**About this exercise:** Your answer must be the exact lines below, starting with the line with "(en las cartas)." and going on through the line with "פוף עגול עם 3 תפרים חוצים המדמים צורת פרח", both included, with no pictures.

**Source material:**
• • •

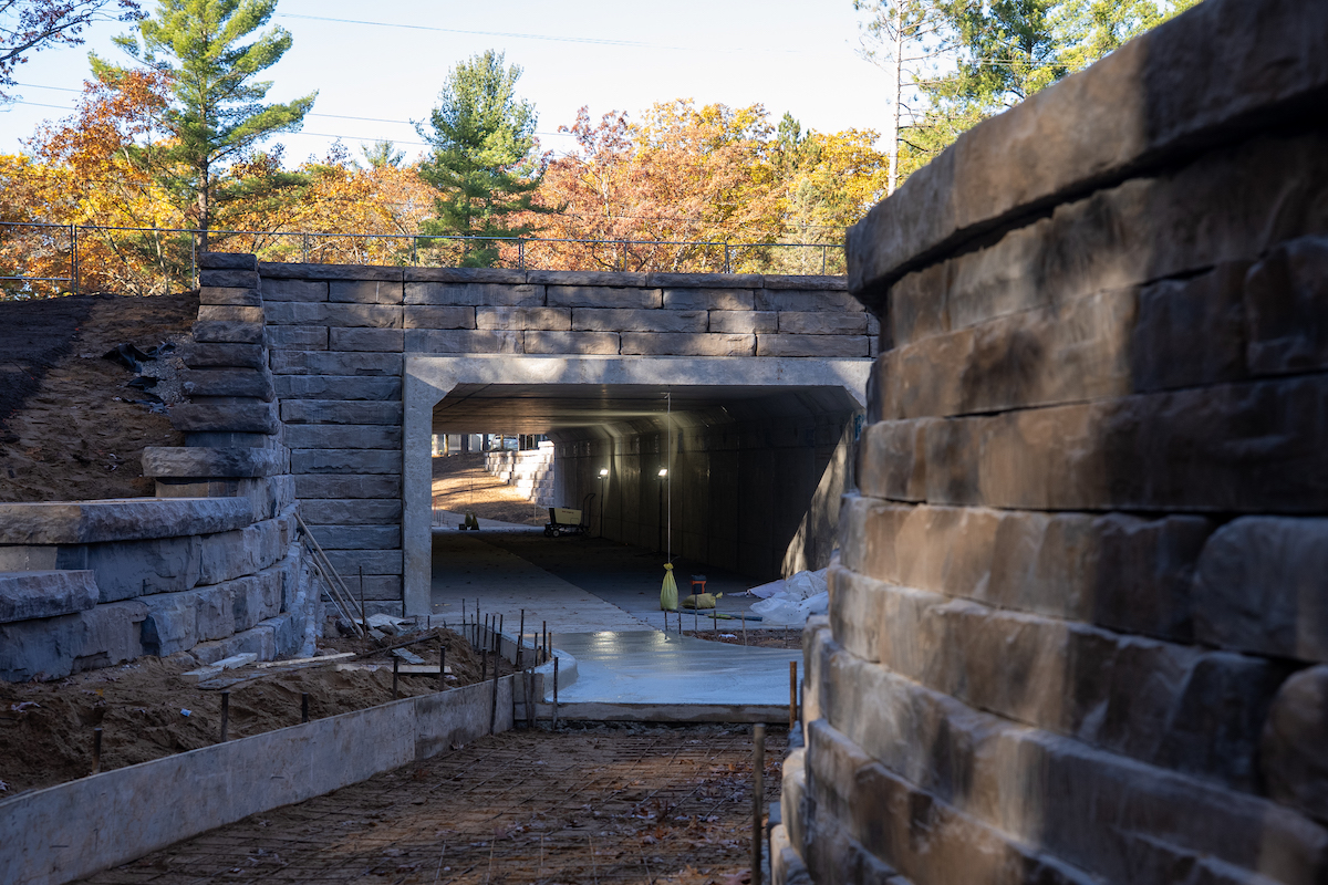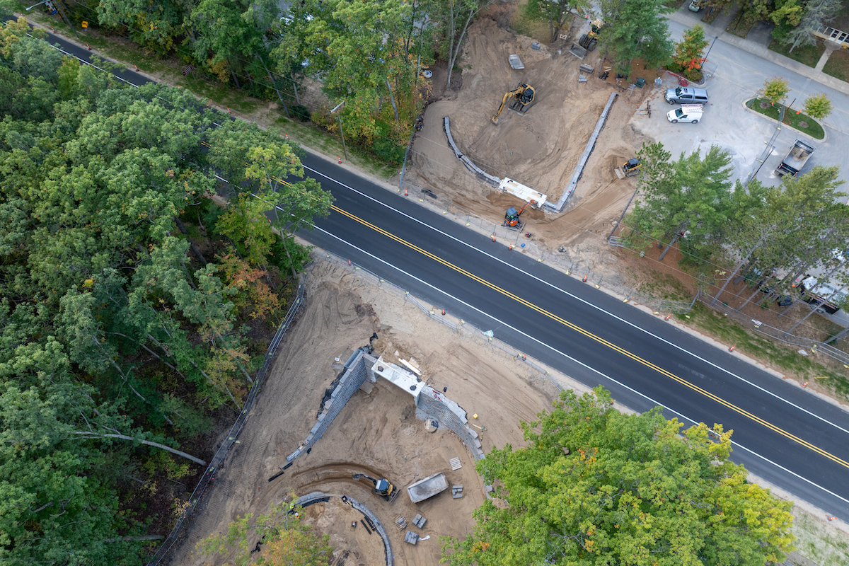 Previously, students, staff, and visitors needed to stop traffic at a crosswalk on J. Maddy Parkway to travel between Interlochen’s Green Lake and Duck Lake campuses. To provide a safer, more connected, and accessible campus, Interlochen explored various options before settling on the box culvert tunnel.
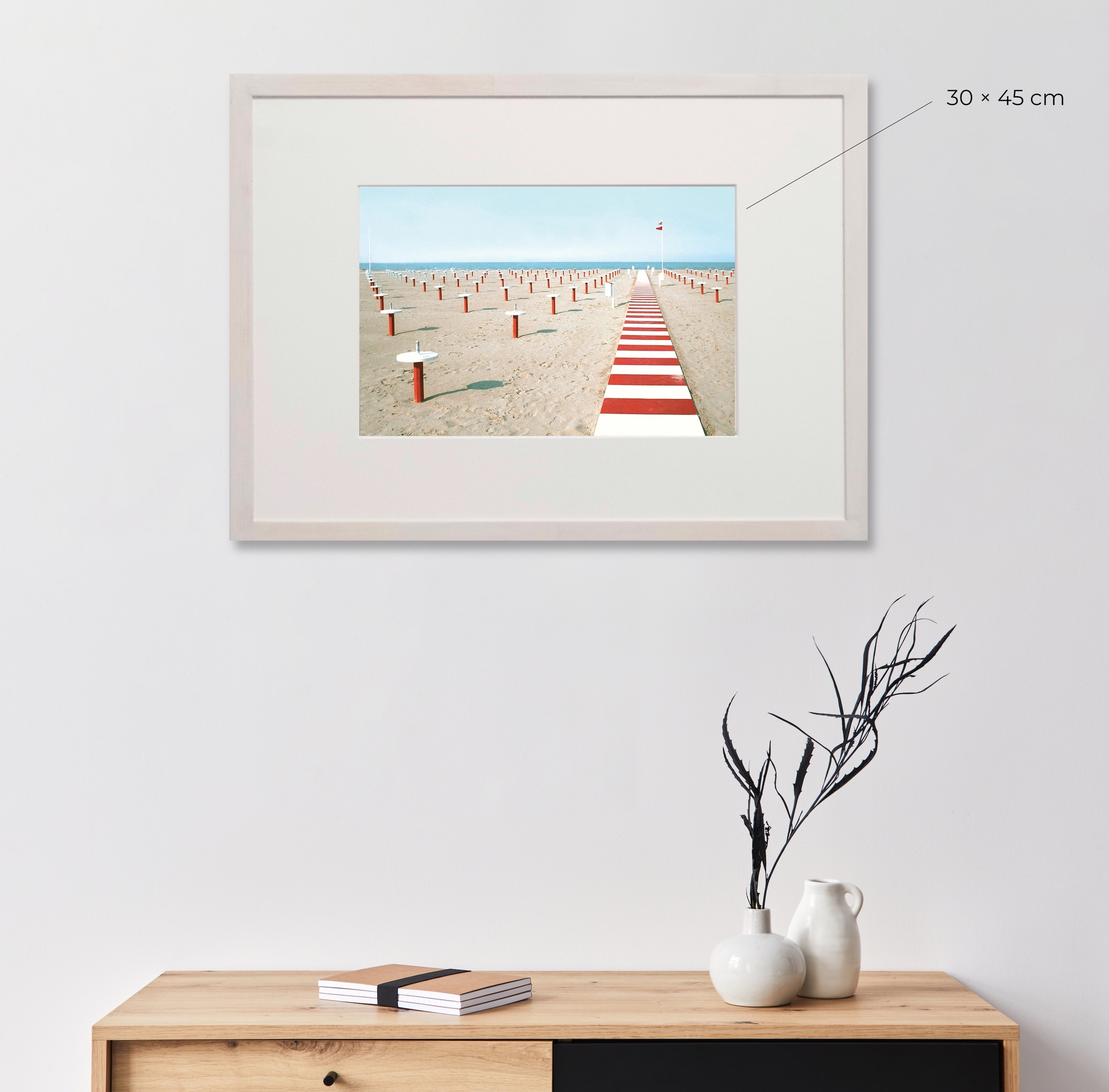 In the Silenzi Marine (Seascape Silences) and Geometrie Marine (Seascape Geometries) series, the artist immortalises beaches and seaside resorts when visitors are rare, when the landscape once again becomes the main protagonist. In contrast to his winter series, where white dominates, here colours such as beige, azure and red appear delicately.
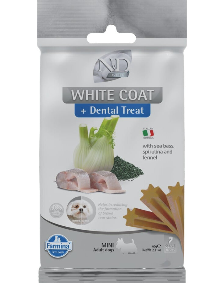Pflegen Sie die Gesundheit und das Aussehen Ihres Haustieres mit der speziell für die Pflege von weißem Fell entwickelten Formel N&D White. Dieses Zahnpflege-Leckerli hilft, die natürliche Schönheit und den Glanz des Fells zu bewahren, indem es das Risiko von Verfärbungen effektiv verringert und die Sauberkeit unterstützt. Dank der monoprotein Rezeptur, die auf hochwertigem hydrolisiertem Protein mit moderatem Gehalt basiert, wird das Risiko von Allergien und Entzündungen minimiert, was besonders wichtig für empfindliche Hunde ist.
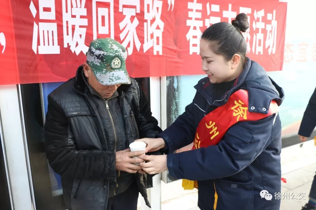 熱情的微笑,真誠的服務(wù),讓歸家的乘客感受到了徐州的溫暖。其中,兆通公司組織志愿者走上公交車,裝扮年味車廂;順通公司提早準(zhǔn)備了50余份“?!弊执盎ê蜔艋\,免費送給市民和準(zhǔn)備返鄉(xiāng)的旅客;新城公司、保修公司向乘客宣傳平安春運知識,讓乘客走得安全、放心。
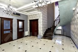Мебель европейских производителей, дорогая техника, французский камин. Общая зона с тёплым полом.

• • •

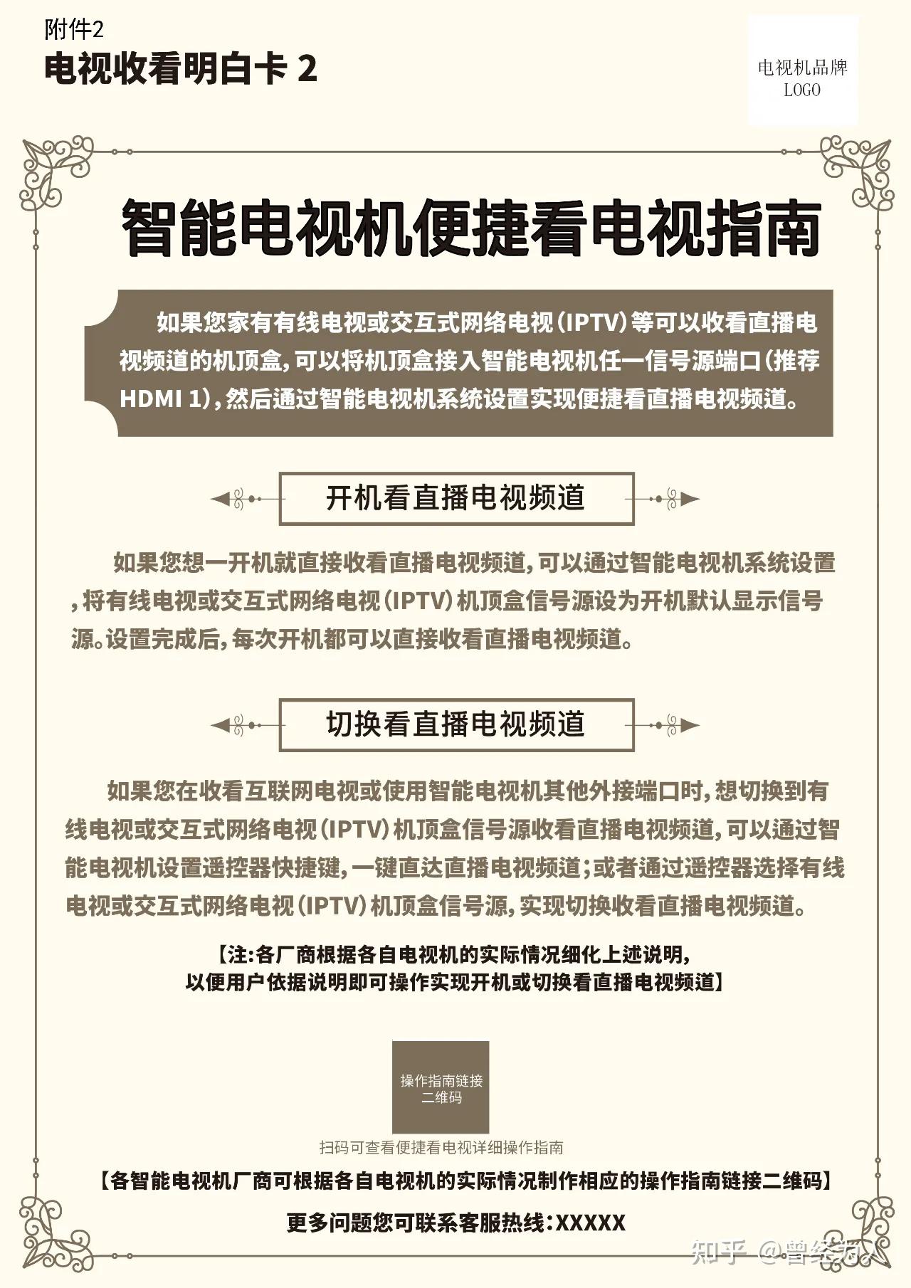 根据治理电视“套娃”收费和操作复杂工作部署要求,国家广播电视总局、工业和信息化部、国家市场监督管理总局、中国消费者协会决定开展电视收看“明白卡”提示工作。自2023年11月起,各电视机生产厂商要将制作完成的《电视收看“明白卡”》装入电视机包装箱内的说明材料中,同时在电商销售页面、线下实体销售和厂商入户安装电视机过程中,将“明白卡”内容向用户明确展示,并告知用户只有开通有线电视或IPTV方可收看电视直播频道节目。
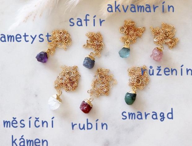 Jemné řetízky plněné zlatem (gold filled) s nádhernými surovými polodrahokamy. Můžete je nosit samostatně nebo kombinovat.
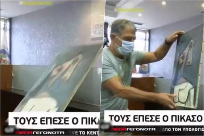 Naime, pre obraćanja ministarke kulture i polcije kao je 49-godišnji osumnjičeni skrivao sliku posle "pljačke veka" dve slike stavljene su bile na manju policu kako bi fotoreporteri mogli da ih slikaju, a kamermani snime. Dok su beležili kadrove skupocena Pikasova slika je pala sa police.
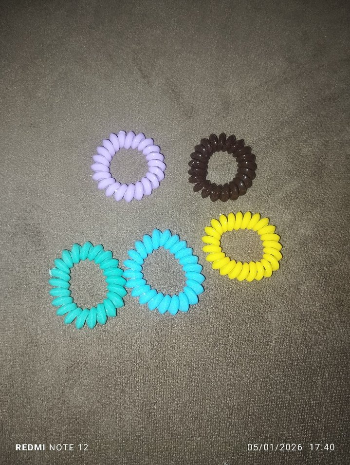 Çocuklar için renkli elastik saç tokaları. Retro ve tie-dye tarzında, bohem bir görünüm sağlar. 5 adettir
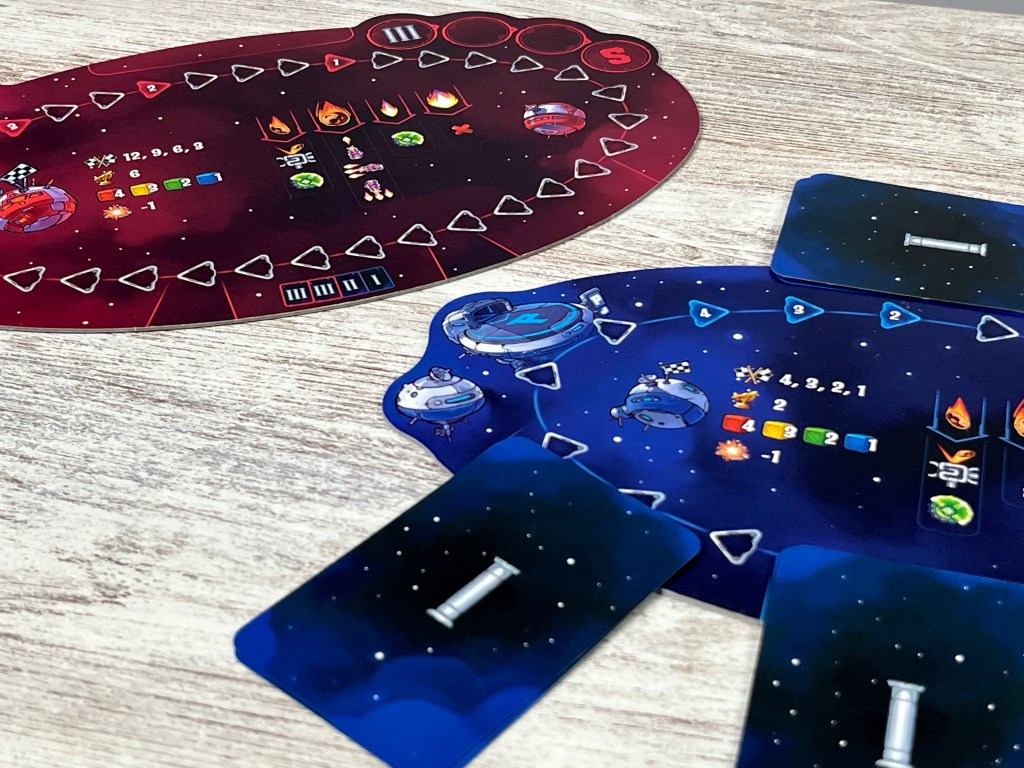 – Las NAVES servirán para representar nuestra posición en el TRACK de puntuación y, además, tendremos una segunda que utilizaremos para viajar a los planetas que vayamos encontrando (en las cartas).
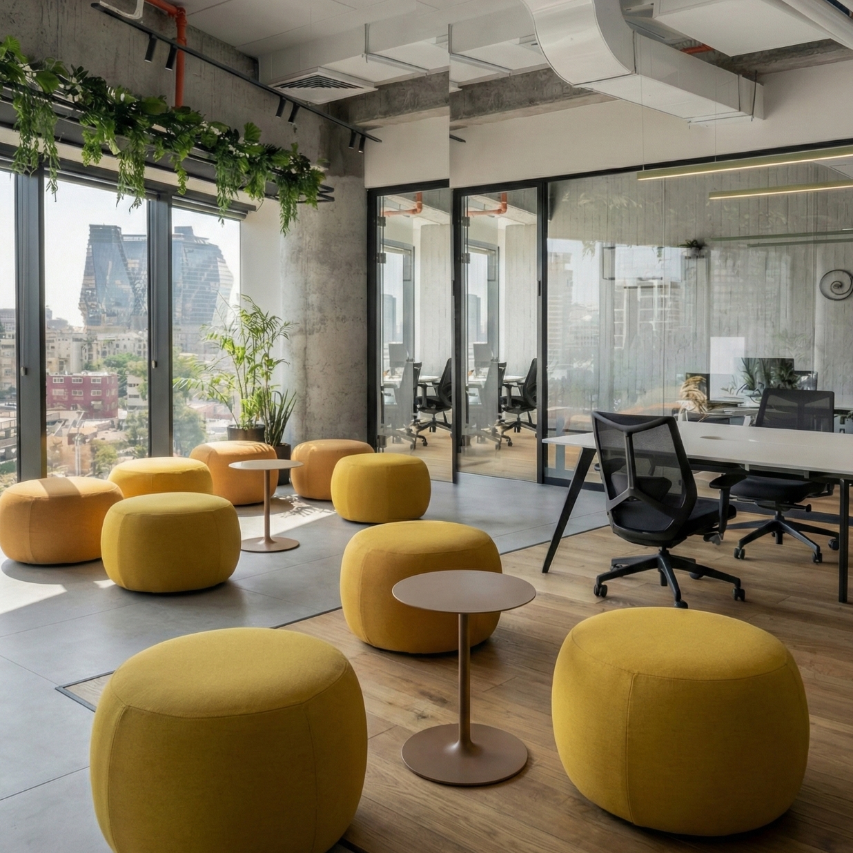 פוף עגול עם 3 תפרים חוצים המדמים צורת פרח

• • •

**Output:**
 – Las NAVES servirán para representar nuestra posición en el TRACK de puntuación y, además, tendremos una segunda que utilizaremos para viajar a los planetas que vayamos encontrando (en las cartas).
 פוף עגול עם 3 תפרים חוצים המדמים צורת פרח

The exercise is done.